In my experience, people do not want health advice. If sick, they just want to go to a doctor and
"get fixed up". Yet when one has a chronic condition, doctors may not
know what to do--and doctors do not like to admit that they don't know what to
do. So they give you more and more
medications--antibiotics, maybe, or even steroids.
Over time, you get more and more medications--and you get sicker and
sicker.
If any of the above speaks to you, then please keep on reading. It might be that you are getting to be about
desperate enough to hear what I have to say.
I became very ill in my 30's. At
first, I just had a little exercised-induced asthma. Doctors gave me an inhaler and I wasn't worried. Then
I missed a couple days with sick stomach, throwing up. A few weeks later, that happened again. Then three weeks later, again. Then two weeks later, again. Each time, I had to miss work. So of course, I started seeing doctors,
trying to find out what was going on and "get myself fixed". They thought maybe I had infections, so they
gave me antibiotics, and then steroids to make the asthma symptoms less.

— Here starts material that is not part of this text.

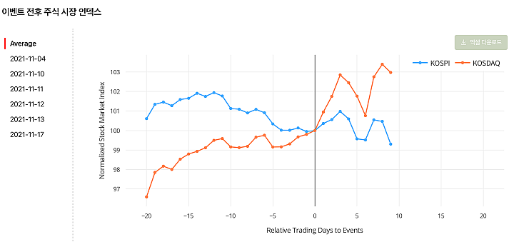 이벤트 전후 주식 시장 인덱스를 살펴보니, 코스닥이 코스피보다 더 많이 상승했다. NFT와 관련해서 게임주가 많이 속해있다보니 그런게 아닌가 싶다.

I started having asthma attacks in the middle of the night that landed me in the
emergency room. Each time, I was given steroids to stop the asthma symptoms.
Steroids suppress the immune system, so I would then get more colds, and
each time I got a cold, I would get more asthma, have an attack, go to the ER,
and be given more steroids. The cycle
was obvious and the intervals between crises were growing shorter.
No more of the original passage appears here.